Additionally, patients who were transferred during training and OSCE assessment had mild to moderate impairment in both groups, which therefore left out the more severely ill patient group.

More studies, which take these variables into account, will need to be undertaken, including a large sample of occupational therapy students, to assess their performance in PTS in different universities in SA.

Conclusion

Using RPS and RPT for students’ training showed that the outcomes of the occupational therapy students’ performance in PTS in both groups were not different when assessed using a reliable and valid assessment tool.

Practical Implications

The results of our study have very important implications. It highlighted the possibility that training through simulation can yield almost similar results as real patient training, without the fear of issues such as patient safety, students’ nervousness, or lack of availability of real patients for occupational therapy students.
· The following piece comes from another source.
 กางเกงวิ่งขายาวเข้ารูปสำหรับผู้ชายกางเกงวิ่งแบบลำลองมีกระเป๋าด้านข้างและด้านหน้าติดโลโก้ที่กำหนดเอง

Although this study was performed in one setting and considered only one occupational therapy skill, it has opened avenues for future research in this area where further large-scale studies assessing multiple skills in occupational therapy could be assessed similarly. This can prove to be a breakthrough in the teaching and training of occupational therapy students by incorporating training through simulation as an integral part of the conventional teaching model.
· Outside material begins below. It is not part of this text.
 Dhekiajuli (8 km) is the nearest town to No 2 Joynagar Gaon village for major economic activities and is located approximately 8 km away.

The findings of this study can inform the future training modalities in the field of OT. In situations where on-patient skill training is not possible due to patient safety issues or lack of adequate turnover of the cases at a particular teaching facility, simulation can be successfully used to train these important skills to undergraduate or postgraduate students.
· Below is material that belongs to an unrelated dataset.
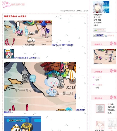 在另一位玩家的最美海底世界空间中,大量的海底世界图片所吸引,玩家夏模样惯以轻松诙谐的文字加上截图来表达生活在海底世界中的心情,夏模样的百度空间已有3年历史,特意为海底世界腾出大量的领土,难能可贵!

Findings from this study can be replicated using multicenter participants and multiple skills training to further expand the scope of training through simulation. RPS can prove to be a more cost-effective alternative to RPT, however, this calls for further research and evidence.

Data Sharing Statement

The datasets generated during and analyzed during the current study are available from the corresponding author on reasonable request.

Ethics Approval and Informed Consent

Prior to conducting the study, ethical approval was obtained from an institutional review committee and informed written consent was taken from all participants involved in the study.

Acknowledgments

I would like to thank the occupational therapy students for their participation in this study. I am also thankful to the occupational therapy faculty and clinicians for their help and support during teaching, training and evaluating the students’ performance in patient transferring skills.

Author Contributions

The authors confirmed their contribution to the paper as follows.

  • Study concept and design: Areej, Dr. Aalia, Dr Nouf Alharbi and Dr Noof Albaz
  • Analysis and interpretation of results: Areej, Dr Mohamed, Dr Aalia, Dr. Waqas and Mohammed.
  • Draft manuscript preparation: Areej, Dr Aalia and Dr. Mohammed.
  • Substantially revised or critically reviewed the article: Dr. Waqas, Dr Nouf Alharbi, Dr. Noof Albaz and Mohammed.
  • All authors have agreed on the journal to which the article will be submitted.
  • All authors reviewed and agreed on all versions of the article before submission, during revision, the final version accepted for publication, and any significant changes introduced at the proofing stage.
  • All authors agree to take responsibility and be accountable for the contents of the article.
  • Disclosure

    The authors report no conflicts of interest in this work.